Do You Know? Tax benefits available for Disabled Person

Do You Know? Tax benefits available for Disabled Person

Income Tax Act has specified benefits for the people equally but with different amount of limits. As person who suffers from disability should also get tax benefits.

Disability means any person suffering at least 40% disability as certified by appropriate medical authorities is defined as disability.

Disability can be Low vision, Blindness, Mental Illness, Hearing Impairment and law of the Government also defines Rigorous disability in which individual suffers from 80% of disabilities called severe disability.

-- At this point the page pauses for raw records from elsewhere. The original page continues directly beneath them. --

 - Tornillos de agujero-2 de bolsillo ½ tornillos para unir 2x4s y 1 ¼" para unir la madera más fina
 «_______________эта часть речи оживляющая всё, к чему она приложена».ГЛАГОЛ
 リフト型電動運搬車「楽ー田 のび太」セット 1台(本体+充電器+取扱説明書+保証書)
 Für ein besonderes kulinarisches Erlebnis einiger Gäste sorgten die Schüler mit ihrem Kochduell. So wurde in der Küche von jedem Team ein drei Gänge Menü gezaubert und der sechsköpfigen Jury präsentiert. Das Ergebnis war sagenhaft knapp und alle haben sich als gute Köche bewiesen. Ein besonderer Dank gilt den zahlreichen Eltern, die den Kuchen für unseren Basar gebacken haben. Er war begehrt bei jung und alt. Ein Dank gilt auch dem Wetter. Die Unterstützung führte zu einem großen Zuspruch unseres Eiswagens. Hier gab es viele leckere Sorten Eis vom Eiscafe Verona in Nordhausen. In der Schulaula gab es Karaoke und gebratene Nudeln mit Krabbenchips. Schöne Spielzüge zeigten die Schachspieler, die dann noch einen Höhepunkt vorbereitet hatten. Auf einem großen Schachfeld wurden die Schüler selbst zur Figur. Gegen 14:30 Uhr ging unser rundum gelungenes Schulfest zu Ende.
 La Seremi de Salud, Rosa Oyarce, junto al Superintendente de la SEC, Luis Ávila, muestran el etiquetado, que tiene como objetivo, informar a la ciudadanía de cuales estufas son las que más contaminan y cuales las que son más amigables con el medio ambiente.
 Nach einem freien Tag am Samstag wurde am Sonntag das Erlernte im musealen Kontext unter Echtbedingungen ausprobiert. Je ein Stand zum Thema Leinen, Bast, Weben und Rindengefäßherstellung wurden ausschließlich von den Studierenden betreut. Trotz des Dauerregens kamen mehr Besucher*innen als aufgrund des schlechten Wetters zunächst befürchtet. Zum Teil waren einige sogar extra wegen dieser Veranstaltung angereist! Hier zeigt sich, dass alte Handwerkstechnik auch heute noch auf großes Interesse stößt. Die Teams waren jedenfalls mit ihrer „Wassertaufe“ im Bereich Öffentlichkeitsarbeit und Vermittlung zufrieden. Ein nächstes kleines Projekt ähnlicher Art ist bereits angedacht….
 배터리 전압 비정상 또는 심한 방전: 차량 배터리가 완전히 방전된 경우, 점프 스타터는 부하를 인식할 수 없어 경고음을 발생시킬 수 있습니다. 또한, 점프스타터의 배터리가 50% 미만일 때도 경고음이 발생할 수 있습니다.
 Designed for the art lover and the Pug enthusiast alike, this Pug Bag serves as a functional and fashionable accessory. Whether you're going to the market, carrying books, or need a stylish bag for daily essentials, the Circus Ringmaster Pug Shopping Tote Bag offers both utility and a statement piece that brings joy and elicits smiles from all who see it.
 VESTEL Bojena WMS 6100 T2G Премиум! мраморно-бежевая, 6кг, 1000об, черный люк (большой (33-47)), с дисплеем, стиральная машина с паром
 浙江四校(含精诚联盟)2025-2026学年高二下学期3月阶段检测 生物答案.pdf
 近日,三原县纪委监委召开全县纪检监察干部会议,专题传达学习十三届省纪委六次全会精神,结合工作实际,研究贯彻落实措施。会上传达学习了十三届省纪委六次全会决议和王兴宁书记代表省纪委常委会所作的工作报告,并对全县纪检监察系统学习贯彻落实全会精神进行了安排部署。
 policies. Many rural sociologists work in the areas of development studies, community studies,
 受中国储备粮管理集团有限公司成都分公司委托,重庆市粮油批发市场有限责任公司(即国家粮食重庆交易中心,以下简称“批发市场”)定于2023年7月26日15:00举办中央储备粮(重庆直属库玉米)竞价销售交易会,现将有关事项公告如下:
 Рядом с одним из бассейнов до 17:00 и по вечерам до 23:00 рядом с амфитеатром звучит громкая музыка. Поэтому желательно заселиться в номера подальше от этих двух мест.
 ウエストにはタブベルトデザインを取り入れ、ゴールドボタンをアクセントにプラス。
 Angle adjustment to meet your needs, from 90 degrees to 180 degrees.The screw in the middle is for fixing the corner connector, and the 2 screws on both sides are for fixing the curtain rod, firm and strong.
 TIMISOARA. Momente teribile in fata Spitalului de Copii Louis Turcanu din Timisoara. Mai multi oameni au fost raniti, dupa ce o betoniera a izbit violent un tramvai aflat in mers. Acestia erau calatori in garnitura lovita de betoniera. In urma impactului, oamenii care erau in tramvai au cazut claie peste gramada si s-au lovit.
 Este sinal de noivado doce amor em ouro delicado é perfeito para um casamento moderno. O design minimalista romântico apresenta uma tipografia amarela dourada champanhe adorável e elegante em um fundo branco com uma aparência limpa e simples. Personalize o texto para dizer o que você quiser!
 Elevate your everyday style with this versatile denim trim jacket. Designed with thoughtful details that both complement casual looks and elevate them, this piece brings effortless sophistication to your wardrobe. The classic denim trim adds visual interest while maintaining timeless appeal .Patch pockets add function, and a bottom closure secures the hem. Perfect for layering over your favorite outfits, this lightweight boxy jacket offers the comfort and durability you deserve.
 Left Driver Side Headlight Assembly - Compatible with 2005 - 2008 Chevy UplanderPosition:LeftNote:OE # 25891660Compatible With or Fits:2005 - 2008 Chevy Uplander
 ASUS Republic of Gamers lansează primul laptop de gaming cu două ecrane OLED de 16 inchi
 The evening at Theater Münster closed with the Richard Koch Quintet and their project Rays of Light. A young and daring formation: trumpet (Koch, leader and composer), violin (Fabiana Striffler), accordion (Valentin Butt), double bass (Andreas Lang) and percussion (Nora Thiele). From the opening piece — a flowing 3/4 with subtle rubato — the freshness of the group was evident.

Income Tax defines various sections for persons with disability. Let's understand the importance of it with the help of table;

Section 80DD 80DDB 80U
Who will get? Resident Individual /HUF Resident Individual /HUF Resident Individual
For Whom? Dependent relative Self/Dependent relative Self
Amount of Deduction 40% Disability: Rs 75000 80% Disability : Rs 1,25,000 Citizen: RS 40,000 Senior Citizen : Rs 60,000 Very Senior Citizen : Rs 80,000 40% Disability: Rs 75000 80% Disability : Rs 1,25,000

Note: Relative means Spouse, Children, Siblings of the individual, Parents.

But how to claim deduction under these section and avail the benefits?

  • Income tax doesn’t specify any requirements of documentation apart from certificate. The certificate should specify the person’s disability by the proper medical authority.
  • One must also submit medical certificate along with Income tax returns.
  • And there’s no need to provide bills of the cost incurred on medical treatment or any such other expenses.
  • If disability is temporary and requires reassessment after certain period of time then certificate validity starts from assessment year relevant to financial year during it was issued.
  • All the above deductions are available only if you are an Indian resident during the previous year. In simple words, these deductions are not applicable to a non-resident.
  • In Case the disability assessment certificate has expired, one would still be able to claim such deductions in the year in which the certificate expires. However, a fresh certificate would be required from succeeding year for claiming the benefit U/S 80U.


There are other sections as well which will help you in saving more taxes. While filing your income tax return, be cautious to claim all deductions available to you and achieve maximum tax benefit.